— TASK TO COMPLETE —
Print, exactly as they appear in the listing below, the lines from the line with "gilt frame. (1)" to the line with "Leitern für den", with both end lines kept.

BEGIN RECORDS TO PROCESS

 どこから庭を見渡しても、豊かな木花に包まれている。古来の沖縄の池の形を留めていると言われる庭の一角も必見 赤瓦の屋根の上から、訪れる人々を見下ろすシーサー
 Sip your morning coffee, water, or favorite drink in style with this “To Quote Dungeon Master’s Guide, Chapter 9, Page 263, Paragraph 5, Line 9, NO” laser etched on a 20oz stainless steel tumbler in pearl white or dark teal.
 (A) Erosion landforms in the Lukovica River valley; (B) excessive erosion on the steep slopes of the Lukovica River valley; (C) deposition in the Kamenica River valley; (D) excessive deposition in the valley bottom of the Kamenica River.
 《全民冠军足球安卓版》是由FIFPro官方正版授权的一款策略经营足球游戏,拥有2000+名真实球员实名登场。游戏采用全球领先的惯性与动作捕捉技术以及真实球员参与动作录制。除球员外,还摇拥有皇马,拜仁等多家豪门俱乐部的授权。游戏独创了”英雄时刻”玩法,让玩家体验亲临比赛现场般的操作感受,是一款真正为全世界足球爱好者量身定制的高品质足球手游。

END RECORDS TO PROCESS
BEGIN RECORDS TO PROCESS

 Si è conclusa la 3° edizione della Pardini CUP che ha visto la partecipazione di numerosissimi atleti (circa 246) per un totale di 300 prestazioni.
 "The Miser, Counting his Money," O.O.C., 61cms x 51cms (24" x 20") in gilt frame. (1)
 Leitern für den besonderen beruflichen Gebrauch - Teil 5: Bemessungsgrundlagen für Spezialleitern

END RECORDS TO PROCESS

— EXERCISE OUTPUT —
 "The Miser, Counting his Money," O.O.C., 61cms x 51cms (24" x 20") in gilt frame. (1)
 Leitern für den besonderen beruflichen Gebrauch - Teil 5: Bemessungsgrundlagen für Spezialleitern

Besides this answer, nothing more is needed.